Kinetics of a Diffusive Capture Process: Lamb Besieged by a Pride of Lions

TL;DR

This paper studies the survival probability of a diffusing prey in the presence of multiple diffusing predators in one dimension, revealing non-universal power-law decay and log-normal decay behaviors.

Contribution

It provides a detailed analysis of the survival probability dynamics of a prey among multiple predators, including crossover behaviors based on diffusivity ratios.

Findings

Survival probability decays as t^{-beta_N} with beta_N proportional to ln N.

For large N, survival probability exhibits a log-normal decay, exp(-ln^2 t).

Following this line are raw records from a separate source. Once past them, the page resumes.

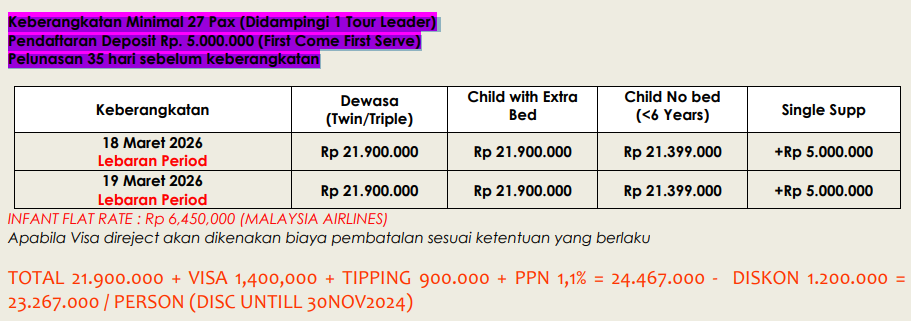 *Peserta tour wajib sudah divaksin 3 kali (sudah di vaksin booster ketiga tanpa batas waktu) dengan vaksin yang sudah
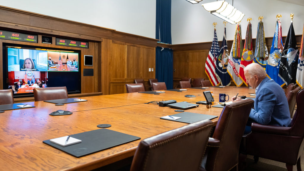 U.S. President Joe Biden at a video conference with the national security team to discuss the ongoing efforts to draw down the civilian footprint in Afghanistan at Camp David in Frederick County, Maryland, August 16, 2021. /Getty
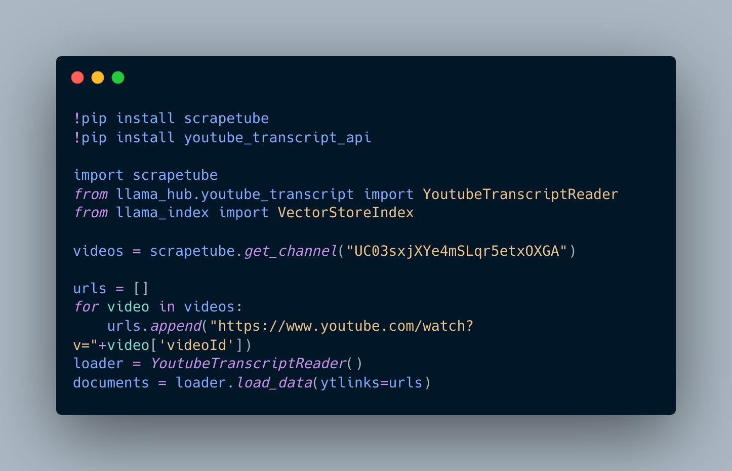 scrapetubeand pass it your channel ID to get your list of videos - Install the Youtube transcript api and pass the video URLs from above to LlamaIndex loader to get a list of documents

Crossover behavior depends on the relative diffusivities of prey and predators.

Abstract

The survival probability, S_N(t), of a diffusing prey (``lamb'') in the proximity of N diffusing predators (a ``pride of lions'') in one dimension is investigated. When the lions are all to one side of the lamb, the survival probability decays as a non-universal power law, S_N(t) is proportional to t^{-beta_N}, with the decay exponent beta_N proportional to ln N. The crossover behavior as a function of the relative diffusivities of the lions and the lamb is also discussed. When N--->oo, the lamb survival probability exhibits a log-normal decay, exp(-ln^2 t).